───── RECORDS FOR PROCESSING ─────
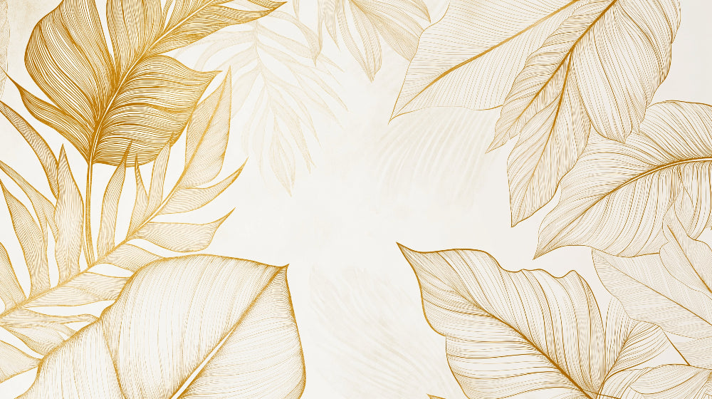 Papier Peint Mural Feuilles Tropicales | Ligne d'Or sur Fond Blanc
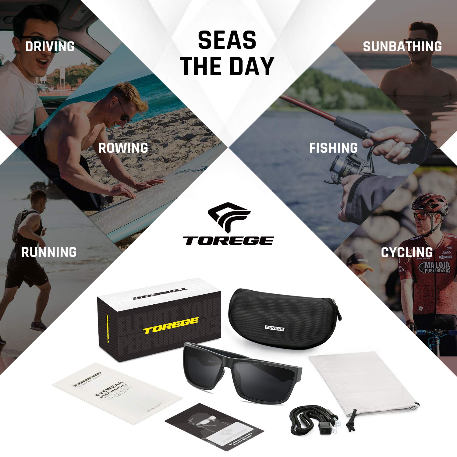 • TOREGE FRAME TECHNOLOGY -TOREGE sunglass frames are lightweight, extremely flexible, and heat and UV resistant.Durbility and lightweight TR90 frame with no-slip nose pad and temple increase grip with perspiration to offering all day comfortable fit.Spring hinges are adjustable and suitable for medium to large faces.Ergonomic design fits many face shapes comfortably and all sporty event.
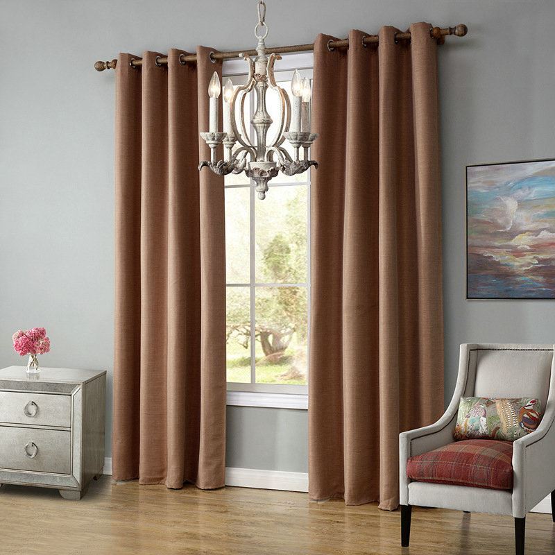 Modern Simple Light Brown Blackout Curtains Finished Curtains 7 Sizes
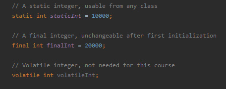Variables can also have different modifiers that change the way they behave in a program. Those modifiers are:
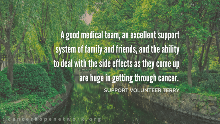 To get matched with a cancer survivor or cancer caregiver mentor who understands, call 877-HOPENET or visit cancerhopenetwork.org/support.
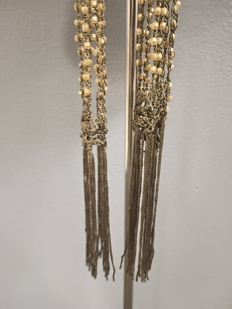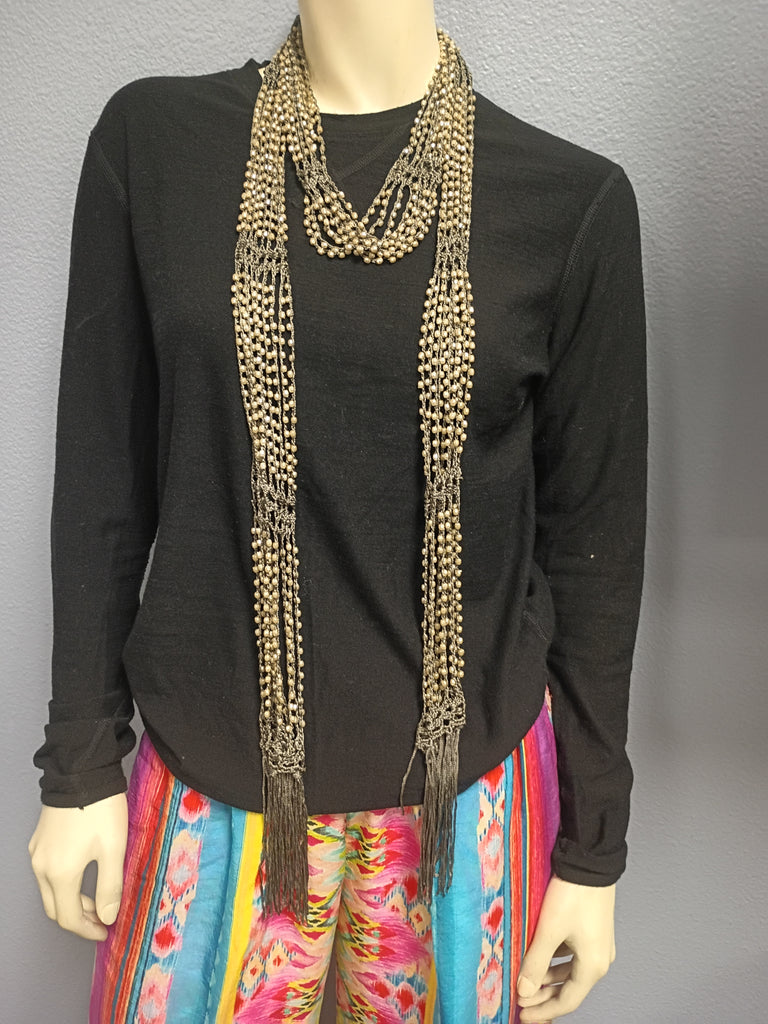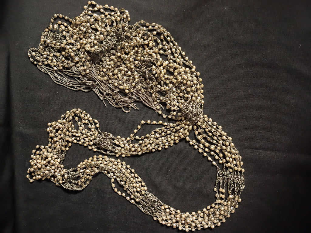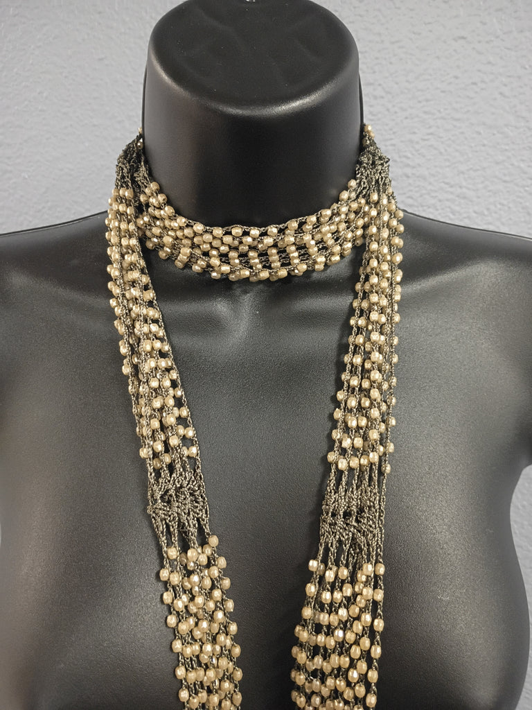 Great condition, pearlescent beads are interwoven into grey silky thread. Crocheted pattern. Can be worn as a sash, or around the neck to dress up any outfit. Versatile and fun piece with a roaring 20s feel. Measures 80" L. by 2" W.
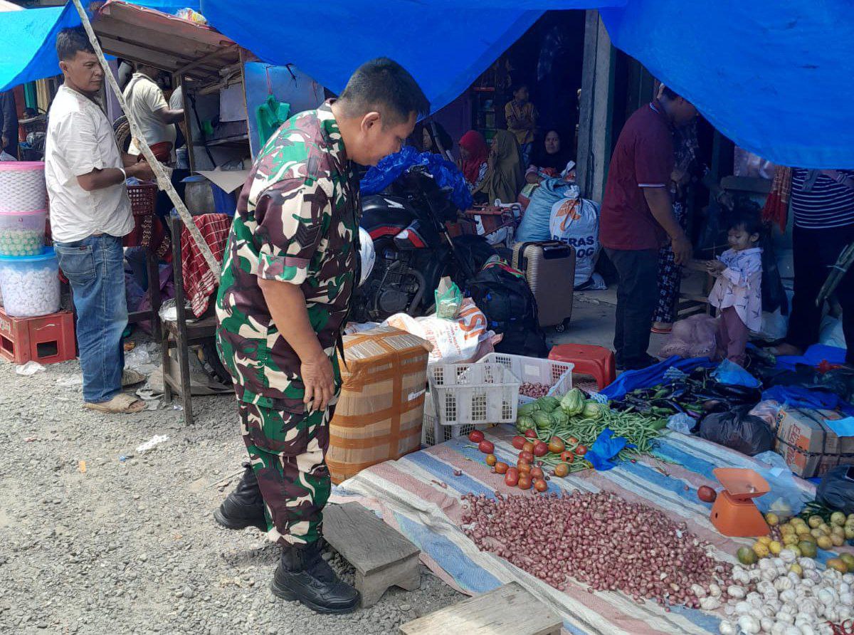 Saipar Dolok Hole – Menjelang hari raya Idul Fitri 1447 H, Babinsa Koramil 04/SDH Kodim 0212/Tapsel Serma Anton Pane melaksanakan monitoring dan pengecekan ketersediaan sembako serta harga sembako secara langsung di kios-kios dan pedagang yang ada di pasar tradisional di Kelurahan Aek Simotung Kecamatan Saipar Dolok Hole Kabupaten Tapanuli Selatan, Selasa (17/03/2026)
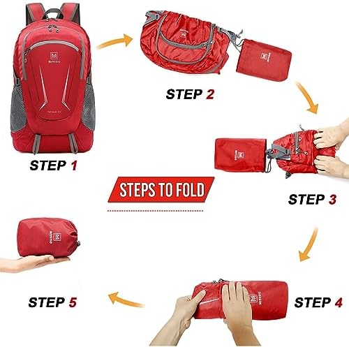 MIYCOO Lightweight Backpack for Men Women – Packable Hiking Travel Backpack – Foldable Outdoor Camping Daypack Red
─────
Reproduce the data above word for word from its first line through the line that holds "all sporty event.", both ends included; skip pictures.

## YOUR SOLUTION
 Papier Peint Mural Feuilles Tropicales | Ligne d'Or sur Fond Blanc
 • TOREGE FRAME TECHNOLOGY -TOREGE sunglass frames are lightweight, extremely flexible, and heat and UV resistant.Durbility and lightweight TR90 frame with no-slip nose pad and temple increase grip with perspiration to offering all day comfortable fit.Spring hinges are adjustable and suitable for medium to large faces.Ergonomic design fits many face shapes comfortably and all sporty event.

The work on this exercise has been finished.